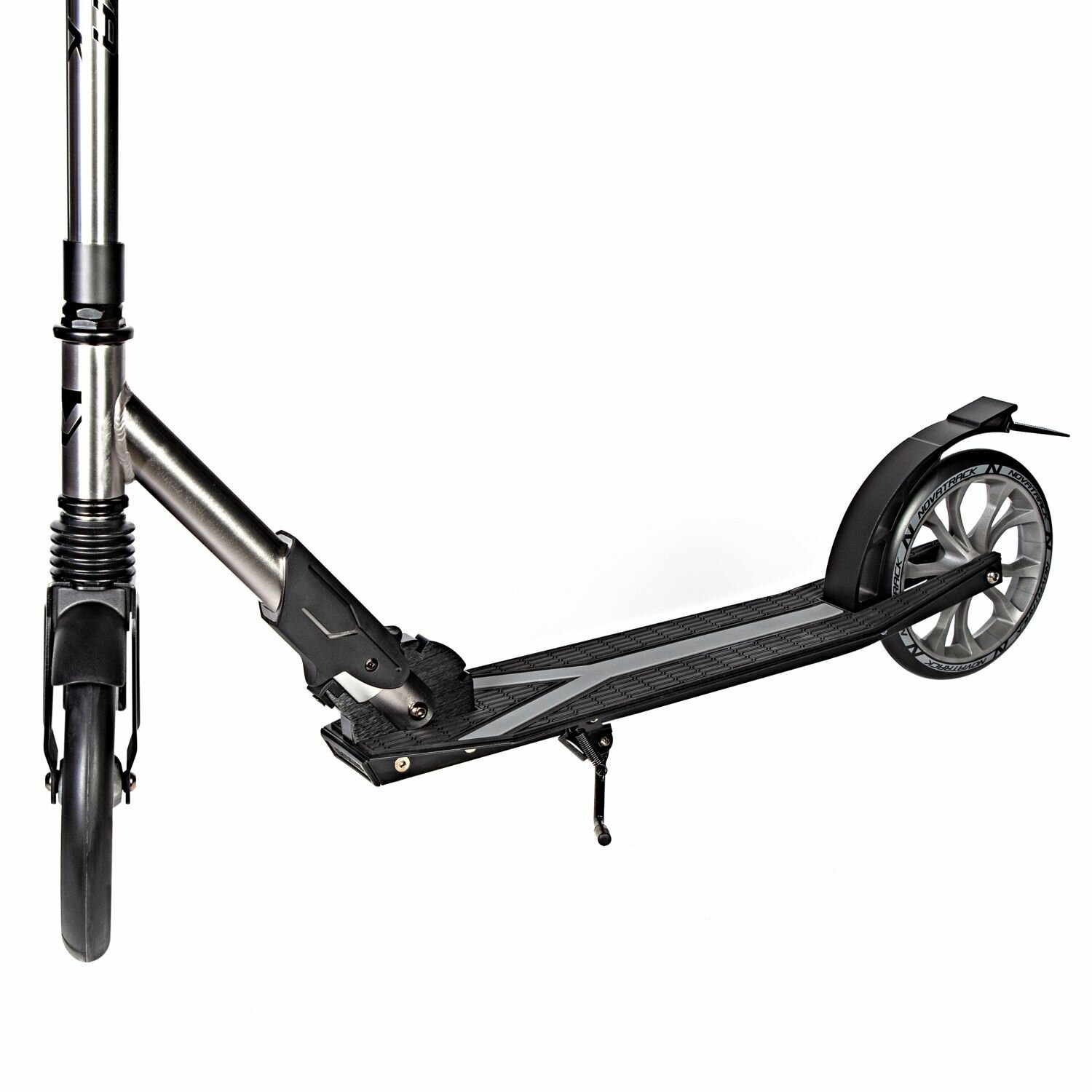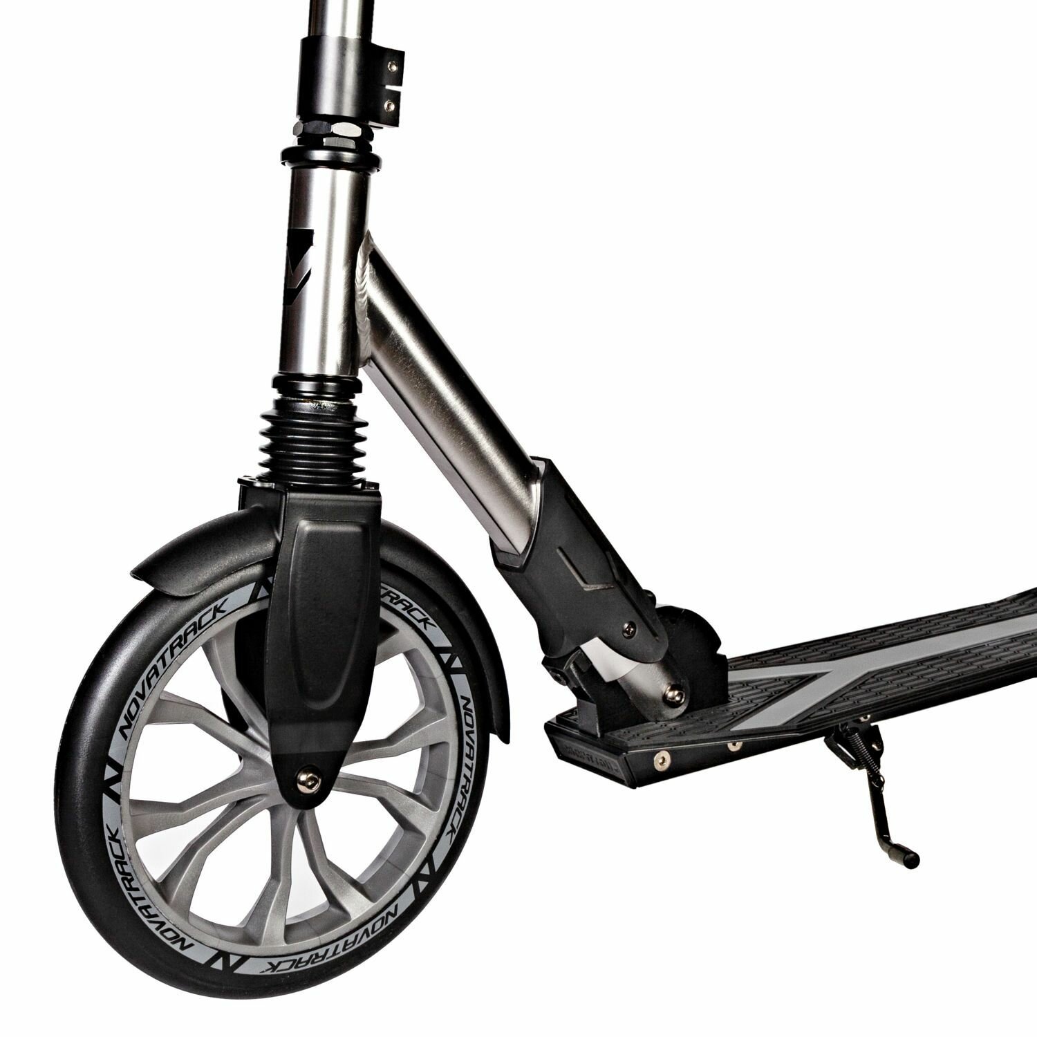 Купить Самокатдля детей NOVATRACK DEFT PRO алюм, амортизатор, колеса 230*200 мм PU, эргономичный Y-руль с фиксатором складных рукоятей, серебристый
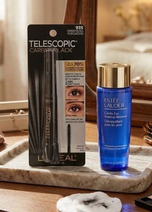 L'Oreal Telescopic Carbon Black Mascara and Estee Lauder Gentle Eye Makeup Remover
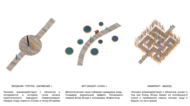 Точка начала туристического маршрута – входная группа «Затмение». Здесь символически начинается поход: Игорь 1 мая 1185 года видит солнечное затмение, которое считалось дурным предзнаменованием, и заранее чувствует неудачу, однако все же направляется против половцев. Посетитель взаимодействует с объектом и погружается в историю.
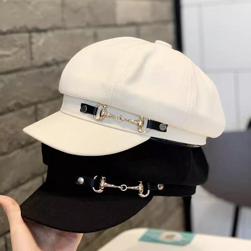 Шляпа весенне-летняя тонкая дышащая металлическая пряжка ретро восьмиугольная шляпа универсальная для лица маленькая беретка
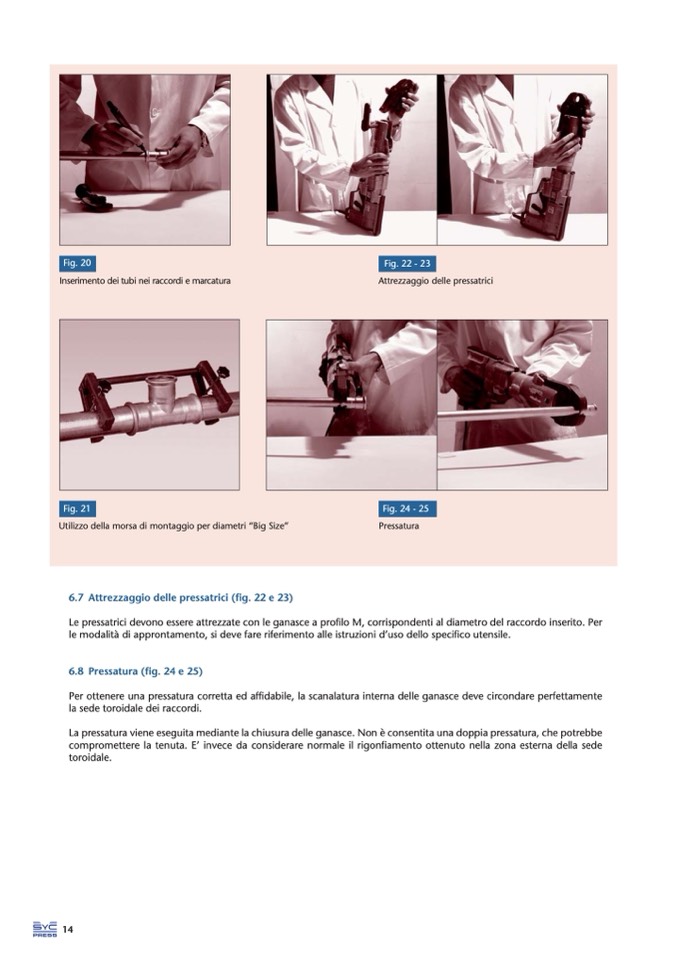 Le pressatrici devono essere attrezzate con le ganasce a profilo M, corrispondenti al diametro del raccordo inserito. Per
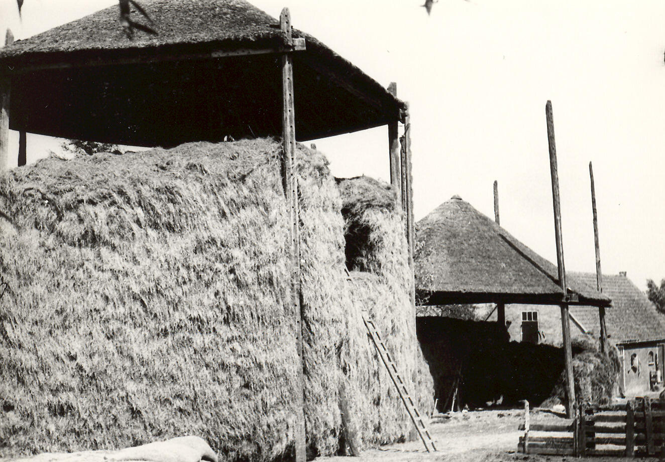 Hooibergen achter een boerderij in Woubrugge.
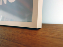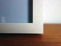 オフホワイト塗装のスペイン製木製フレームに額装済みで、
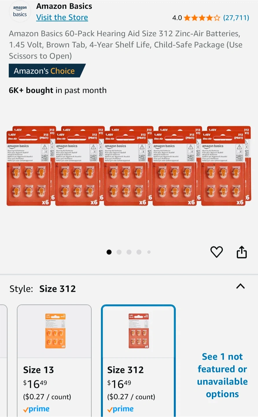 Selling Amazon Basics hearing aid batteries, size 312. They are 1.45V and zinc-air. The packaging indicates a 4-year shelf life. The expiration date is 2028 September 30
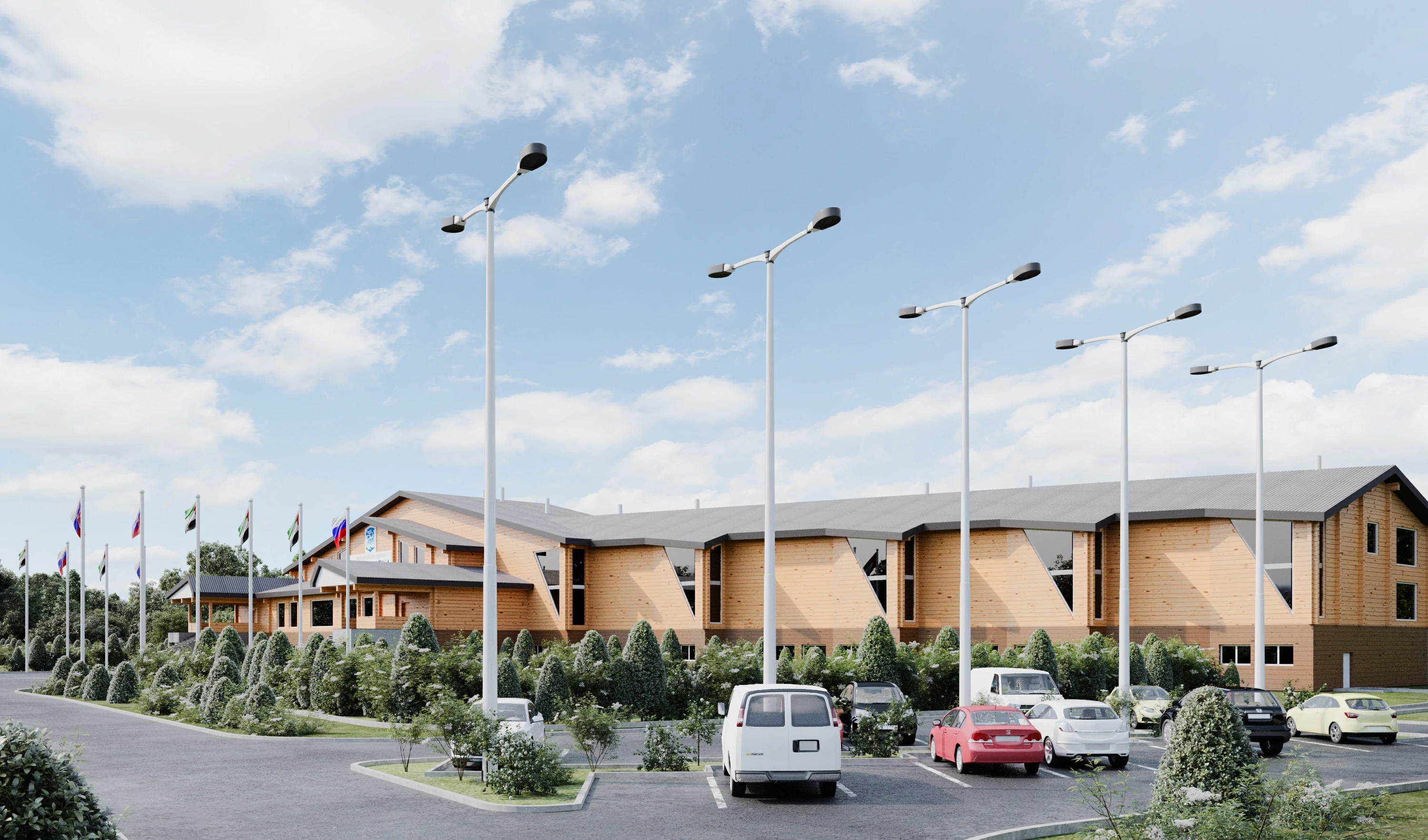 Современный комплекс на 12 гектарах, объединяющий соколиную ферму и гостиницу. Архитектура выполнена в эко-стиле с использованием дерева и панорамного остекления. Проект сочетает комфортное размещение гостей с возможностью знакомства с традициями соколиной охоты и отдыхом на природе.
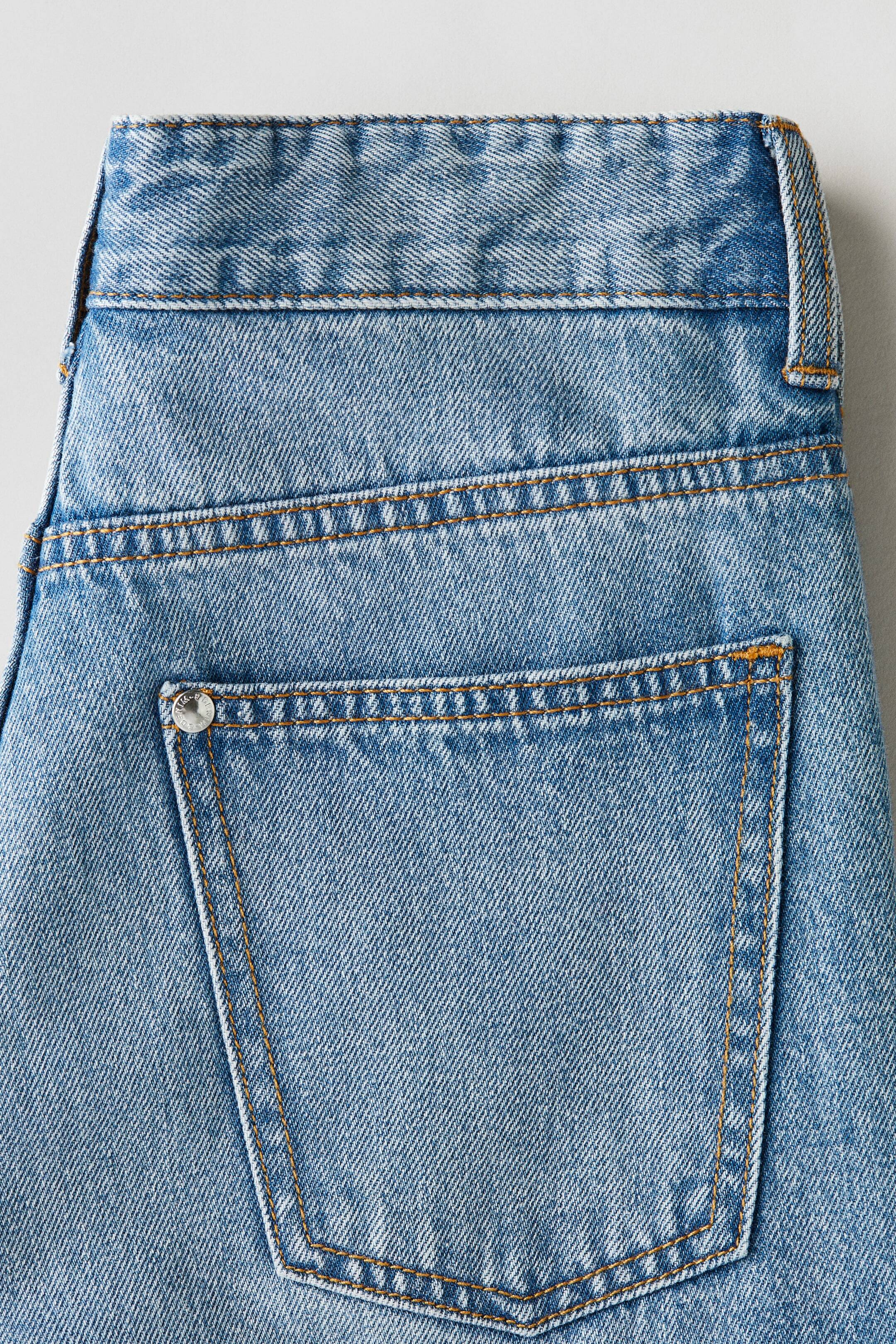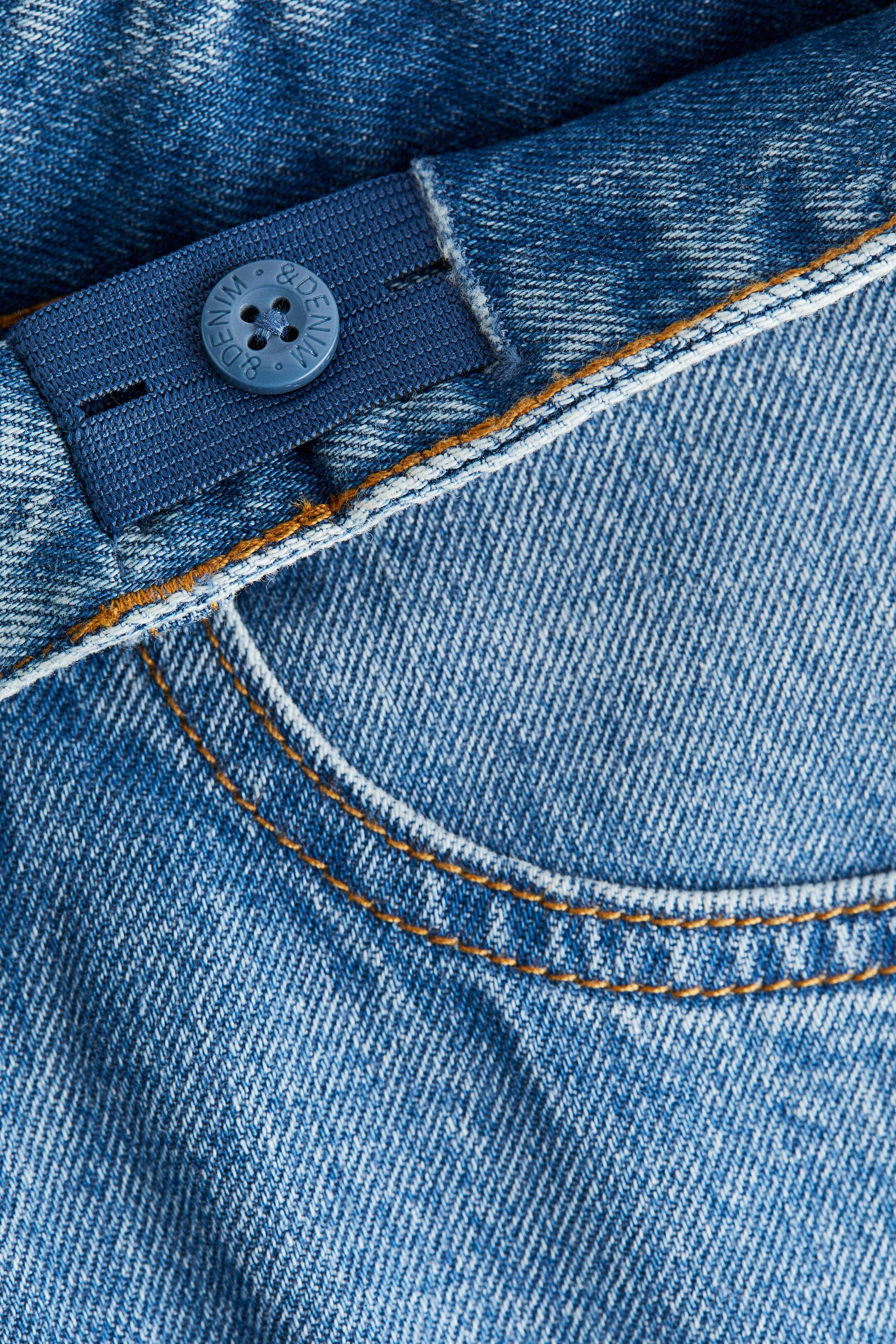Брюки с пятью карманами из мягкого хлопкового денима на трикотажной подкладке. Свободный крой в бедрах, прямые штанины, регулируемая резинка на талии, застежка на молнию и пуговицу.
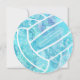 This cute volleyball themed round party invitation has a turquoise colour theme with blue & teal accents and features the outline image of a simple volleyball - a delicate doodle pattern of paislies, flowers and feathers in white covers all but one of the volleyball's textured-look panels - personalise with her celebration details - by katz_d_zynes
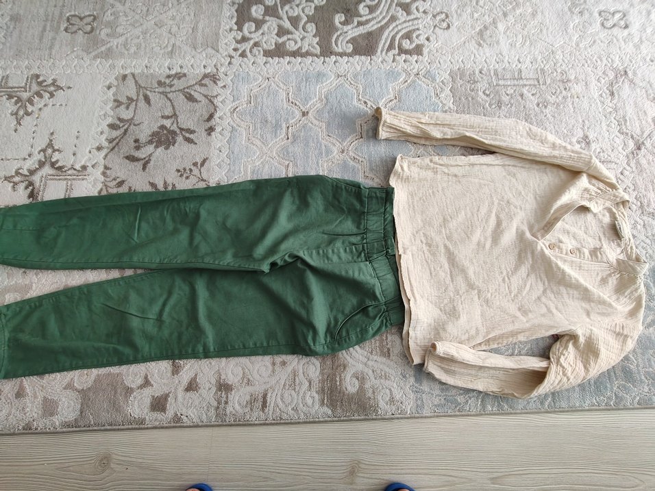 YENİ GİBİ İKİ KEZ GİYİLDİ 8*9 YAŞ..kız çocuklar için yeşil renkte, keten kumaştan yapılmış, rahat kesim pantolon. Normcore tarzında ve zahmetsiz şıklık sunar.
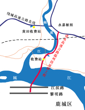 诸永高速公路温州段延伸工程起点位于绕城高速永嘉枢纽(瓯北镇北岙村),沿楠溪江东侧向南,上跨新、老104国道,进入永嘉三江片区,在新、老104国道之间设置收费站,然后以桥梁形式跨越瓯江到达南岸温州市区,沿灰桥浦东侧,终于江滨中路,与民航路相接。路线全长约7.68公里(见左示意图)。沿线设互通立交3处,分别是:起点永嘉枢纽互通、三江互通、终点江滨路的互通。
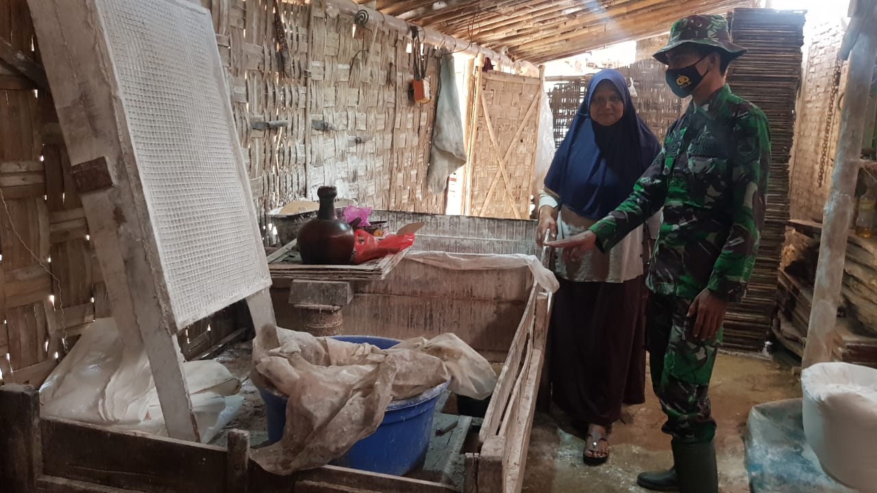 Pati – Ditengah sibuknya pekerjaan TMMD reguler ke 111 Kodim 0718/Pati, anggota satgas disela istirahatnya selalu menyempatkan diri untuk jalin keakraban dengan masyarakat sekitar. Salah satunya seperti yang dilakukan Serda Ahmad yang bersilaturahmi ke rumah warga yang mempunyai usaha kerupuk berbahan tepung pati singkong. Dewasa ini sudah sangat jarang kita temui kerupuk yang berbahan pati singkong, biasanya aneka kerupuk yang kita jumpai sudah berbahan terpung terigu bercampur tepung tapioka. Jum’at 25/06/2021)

:::

### What you need to do
Exclude the pictures, then write out every record exactly as it stands.

### Task answer
 Купить Самокатдля детей NOVATRACK DEFT PRO алюм, амортизатор, колеса 230*200 мм PU, эргономичный Y-руль с фиксатором складных рукоятей, серебристый
 L'Oreal Telescopic Carbon Black Mascara and Estee Lauder Gentle Eye Makeup Remover
 Точка начала туристического маршрута – входная группа «Затмение». Здесь символически начинается поход: Игорь 1 мая 1185 года видит солнечное затмение, которое считалось дурным предзнаменованием, и заранее чувствует неудачу, однако все же направляется против половцев. Посетитель взаимодействует с объектом и погружается в историю.
 Шляпа весенне-летняя тонкая дышащая металлическая пряжка ретро восьмиугольная шляпа универсальная для лица маленькая беретка
 Le pressatrici devono essere attrezzate con le ganasce a profilo M, corrispondenti al diametro del raccordo inserito. Per
 Hooibergen achter een boerderij in Woubrugge.
 オフホワイト塗装のスペイン製木製フレームに額装済みで、
 Selling Amazon Basics hearing aid batteries, size 312. They are 1.45V and zinc-air. The packaging indicates a 4-year shelf life. The expiration date is 2028 September 30
 Современный комплекс на 12 гектарах, объединяющий соколиную ферму и гостиницу. Архитектура выполнена в эко-стиле с использованием дерева и панорамного остекления. Проект сочетает комфортное размещение гостей с возможностью знакомства с традициями соколиной охоты и отдыхом на природе.
Брюки с пятью карманами из мягкого хлопкового денима на трикотажной подкладке. Свободный крой в бедрах, прямые штанины, регулируемая резинка на талии, застежка на молнию и пуговицу.
 This cute volleyball themed round party invitation has a turquoise colour theme with blue & teal accents and features the outline image of a simple volleyball - a delicate doodle pattern of paislies, flowers and feathers in white covers all but one of the volleyball's textured-look panels - personalise with her celebration details - by katz_d_zynes
 YENİ GİBİ İKİ KEZ GİYİLDİ 8*9 YAŞ..kız çocuklar için yeşil renkte, keten kumaştan yapılmış, rahat kesim pantolon. Normcore tarzında ve zahmetsiz şıklık sunar.
 诸永高速公路温州段延伸工程起点位于绕城高速永嘉枢纽(瓯北镇北岙村),沿楠溪江东侧向南,上跨新、老104国道,进入永嘉三江片区,在新、老104国道之间设置收费站,然后以桥梁形式跨越瓯江到达南岸温州市区,沿灰桥浦东侧,终于江滨中路,与民航路相接。路线全长约7.68公里(见左示意图)。沿线设互通立交3处,分别是:起点永嘉枢纽互通、三江互通、终点江滨路的互通。
 Pati – Ditengah sibuknya pekerjaan TMMD reguler ke 111 Kodim 0718/Pati, anggota satgas disela istirahatnya selalu menyempatkan diri untuk jalin keakraban dengan masyarakat sekitar. Salah satunya seperti yang dilakukan Serda Ahmad yang bersilaturahmi ke rumah warga yang mempunyai usaha kerupuk berbahan tepung pati singkong. Dewasa ini sudah sangat jarang kita temui kerupuk yang berbahan pati singkong, biasanya aneka kerupuk yang kita jumpai sudah berbahan terpung terigu bercampur tepung tapioka. Jum’at 25/06/2021)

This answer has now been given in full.